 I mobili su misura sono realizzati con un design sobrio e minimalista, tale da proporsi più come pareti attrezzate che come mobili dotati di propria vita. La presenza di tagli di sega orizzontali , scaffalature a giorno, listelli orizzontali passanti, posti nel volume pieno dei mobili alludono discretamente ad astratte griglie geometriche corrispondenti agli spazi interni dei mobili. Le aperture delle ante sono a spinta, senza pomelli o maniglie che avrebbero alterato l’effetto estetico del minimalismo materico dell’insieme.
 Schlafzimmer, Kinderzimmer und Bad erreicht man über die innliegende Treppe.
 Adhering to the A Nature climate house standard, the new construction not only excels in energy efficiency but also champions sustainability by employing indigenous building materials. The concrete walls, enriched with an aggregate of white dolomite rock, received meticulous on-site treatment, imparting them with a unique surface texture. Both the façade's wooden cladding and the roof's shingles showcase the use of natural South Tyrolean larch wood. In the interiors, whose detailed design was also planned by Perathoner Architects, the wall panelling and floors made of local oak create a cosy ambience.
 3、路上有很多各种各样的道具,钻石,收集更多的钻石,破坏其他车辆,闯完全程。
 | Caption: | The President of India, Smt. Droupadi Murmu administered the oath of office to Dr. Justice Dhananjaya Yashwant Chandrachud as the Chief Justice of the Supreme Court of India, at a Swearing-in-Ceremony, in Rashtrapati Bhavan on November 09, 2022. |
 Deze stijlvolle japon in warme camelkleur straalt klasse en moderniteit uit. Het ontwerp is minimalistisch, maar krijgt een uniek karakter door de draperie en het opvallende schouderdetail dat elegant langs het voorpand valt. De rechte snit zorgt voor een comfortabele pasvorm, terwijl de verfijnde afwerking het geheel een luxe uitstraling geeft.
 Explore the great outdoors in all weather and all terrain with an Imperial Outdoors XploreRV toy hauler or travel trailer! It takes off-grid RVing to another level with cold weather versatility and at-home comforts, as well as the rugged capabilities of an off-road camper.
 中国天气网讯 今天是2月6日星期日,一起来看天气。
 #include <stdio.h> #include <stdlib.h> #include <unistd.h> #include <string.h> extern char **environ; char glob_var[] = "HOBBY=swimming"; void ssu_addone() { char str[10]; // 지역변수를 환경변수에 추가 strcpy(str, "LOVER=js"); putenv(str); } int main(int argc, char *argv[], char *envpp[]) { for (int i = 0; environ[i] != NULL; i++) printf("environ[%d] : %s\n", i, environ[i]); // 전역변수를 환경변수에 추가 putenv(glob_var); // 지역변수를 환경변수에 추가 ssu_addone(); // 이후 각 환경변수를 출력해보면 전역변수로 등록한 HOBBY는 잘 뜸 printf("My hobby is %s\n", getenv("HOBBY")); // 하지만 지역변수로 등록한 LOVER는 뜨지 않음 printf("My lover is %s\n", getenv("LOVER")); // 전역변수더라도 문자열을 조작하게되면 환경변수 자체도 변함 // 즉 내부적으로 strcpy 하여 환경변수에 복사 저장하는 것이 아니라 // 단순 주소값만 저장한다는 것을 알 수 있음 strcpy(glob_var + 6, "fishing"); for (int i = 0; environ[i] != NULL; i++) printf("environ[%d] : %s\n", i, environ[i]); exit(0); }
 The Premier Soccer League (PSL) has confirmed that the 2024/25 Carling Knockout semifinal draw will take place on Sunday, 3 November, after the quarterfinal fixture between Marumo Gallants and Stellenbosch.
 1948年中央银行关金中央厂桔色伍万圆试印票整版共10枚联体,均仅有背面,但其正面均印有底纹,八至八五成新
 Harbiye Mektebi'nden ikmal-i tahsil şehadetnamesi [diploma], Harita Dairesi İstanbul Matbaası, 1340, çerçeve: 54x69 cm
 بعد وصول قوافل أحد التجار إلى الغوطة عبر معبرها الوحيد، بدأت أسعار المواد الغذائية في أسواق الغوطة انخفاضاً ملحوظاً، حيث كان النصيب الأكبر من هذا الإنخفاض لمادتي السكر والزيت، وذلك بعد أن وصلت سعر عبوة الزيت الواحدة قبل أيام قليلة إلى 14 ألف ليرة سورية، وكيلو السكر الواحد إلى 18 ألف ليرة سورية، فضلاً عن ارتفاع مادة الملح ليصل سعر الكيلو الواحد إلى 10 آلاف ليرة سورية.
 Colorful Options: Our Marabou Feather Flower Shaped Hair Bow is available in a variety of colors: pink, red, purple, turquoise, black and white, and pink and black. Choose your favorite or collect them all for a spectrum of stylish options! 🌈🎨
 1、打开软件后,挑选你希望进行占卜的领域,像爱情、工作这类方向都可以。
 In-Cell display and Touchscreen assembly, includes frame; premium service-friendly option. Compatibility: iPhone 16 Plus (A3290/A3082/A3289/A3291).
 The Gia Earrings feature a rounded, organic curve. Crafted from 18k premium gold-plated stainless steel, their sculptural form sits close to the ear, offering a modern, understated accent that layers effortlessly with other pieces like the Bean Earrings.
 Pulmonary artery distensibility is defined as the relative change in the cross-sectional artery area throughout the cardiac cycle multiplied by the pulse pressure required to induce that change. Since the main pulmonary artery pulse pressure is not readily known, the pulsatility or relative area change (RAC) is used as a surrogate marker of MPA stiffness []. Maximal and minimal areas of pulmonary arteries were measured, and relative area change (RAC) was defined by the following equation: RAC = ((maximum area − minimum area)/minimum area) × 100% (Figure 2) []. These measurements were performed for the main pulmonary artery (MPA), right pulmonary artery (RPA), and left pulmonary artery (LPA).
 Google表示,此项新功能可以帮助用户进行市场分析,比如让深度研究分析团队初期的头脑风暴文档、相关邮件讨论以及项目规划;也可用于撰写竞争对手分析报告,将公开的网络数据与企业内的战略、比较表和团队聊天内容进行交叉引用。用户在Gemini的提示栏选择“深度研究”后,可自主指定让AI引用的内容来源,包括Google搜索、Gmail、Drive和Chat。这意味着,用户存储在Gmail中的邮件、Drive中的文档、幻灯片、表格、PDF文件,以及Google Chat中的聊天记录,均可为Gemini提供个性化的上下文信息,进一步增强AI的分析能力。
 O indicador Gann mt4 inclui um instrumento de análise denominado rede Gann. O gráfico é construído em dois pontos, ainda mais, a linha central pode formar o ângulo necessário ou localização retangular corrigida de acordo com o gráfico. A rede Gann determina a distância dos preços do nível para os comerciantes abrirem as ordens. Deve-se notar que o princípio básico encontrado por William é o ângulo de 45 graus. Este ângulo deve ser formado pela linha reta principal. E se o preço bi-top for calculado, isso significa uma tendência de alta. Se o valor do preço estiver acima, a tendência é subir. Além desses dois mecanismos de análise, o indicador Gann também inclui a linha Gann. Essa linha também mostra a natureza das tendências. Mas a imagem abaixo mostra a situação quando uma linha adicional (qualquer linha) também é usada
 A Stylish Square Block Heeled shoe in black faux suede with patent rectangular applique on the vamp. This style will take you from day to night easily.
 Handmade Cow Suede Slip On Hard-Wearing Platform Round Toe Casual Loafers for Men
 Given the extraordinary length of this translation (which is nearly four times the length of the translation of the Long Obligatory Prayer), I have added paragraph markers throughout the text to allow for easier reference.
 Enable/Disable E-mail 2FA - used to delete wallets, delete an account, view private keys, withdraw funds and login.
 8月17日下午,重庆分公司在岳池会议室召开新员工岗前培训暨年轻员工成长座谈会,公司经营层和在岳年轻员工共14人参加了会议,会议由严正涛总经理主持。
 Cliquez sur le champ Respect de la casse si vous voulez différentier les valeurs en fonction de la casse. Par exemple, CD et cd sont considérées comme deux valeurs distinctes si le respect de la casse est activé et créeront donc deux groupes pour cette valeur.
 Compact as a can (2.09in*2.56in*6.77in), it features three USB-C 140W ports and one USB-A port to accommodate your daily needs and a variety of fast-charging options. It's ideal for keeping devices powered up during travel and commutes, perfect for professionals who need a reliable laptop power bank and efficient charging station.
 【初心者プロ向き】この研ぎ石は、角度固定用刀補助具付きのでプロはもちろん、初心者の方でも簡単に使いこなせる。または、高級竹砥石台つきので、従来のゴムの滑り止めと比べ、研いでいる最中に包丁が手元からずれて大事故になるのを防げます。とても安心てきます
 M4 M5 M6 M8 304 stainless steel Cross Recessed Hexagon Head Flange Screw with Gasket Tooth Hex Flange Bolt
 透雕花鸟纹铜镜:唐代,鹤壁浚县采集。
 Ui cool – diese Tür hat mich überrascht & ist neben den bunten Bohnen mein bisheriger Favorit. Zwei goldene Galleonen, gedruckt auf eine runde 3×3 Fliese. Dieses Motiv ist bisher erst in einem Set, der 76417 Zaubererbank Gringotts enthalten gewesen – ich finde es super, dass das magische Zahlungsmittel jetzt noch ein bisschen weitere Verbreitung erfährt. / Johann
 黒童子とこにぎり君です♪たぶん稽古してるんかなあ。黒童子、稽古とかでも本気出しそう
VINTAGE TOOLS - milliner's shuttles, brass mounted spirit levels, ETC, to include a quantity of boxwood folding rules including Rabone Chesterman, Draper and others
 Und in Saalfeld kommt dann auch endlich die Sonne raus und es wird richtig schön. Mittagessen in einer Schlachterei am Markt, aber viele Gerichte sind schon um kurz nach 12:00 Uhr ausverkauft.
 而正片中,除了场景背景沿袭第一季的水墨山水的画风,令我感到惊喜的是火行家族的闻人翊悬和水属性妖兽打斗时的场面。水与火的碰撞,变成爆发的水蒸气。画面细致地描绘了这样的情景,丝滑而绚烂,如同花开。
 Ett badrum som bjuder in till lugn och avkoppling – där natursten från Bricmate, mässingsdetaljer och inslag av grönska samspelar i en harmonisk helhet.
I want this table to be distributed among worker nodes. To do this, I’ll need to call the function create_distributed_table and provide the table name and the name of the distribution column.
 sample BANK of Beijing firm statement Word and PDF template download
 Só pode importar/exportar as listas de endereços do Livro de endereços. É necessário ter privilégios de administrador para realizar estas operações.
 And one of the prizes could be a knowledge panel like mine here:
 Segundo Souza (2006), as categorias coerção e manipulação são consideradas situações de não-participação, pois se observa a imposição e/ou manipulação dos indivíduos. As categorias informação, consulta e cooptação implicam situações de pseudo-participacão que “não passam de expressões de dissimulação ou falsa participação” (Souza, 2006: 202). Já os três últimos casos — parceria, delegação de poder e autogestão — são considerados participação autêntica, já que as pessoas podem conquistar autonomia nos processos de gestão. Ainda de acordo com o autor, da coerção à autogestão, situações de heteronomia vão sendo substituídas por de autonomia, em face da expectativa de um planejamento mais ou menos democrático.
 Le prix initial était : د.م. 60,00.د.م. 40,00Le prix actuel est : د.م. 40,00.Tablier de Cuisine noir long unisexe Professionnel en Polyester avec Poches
________________
§ Task to complete
Taking the material above, extract exactly and only the lines from the line with "Given the extraordinary" to the line with "透雕花鸟纹铜镜:唐代,鹤壁浚县采集。", inclusive of both.

§ Answer section
 Given the extraordinary length of this translation (which is nearly four times the length of the translation of the Long Obligatory Prayer), I have added paragraph markers throughout the text to allow for easier reference.
 Enable/Disable E-mail 2FA - used to delete wallets, delete an account, view private keys, withdraw funds and login.
 8月17日下午,重庆分公司在岳池会议室召开新员工岗前培训暨年轻员工成长座谈会,公司经营层和在岳年轻员工共14人参加了会议,会议由严正涛总经理主持。
 Cliquez sur le champ Respect de la casse si vous voulez différentier les valeurs en fonction de la casse. Par exemple, CD et cd sont considérées comme deux valeurs distinctes si le respect de la casse est activé et créeront donc deux groupes pour cette valeur.
 Compact as a can (2.09in*2.56in*6.77in), it features three USB-C 140W ports and one USB-A port to accommodate your daily needs and a variety of fast-charging options. It's ideal for keeping devices powered up during travel and commutes, perfect for professionals who need a reliable laptop power bank and efficient charging station.
 【初心者プロ向き】この研ぎ石は、角度固定用刀補助具付きのでプロはもちろん、初心者の方でも簡単に使いこなせる。または、高級竹砥石台つきので、従来のゴムの滑り止めと比べ、研いでいる最中に包丁が手元からずれて大事故になるのを防げます。とても安心てきます
 M4 M5 M6 M8 304 stainless steel Cross Recessed Hexagon Head Flange Screw with Gasket Tooth Hex Flange Bolt
 透雕花鸟纹铜镜:唐代,鹤壁浚县采集。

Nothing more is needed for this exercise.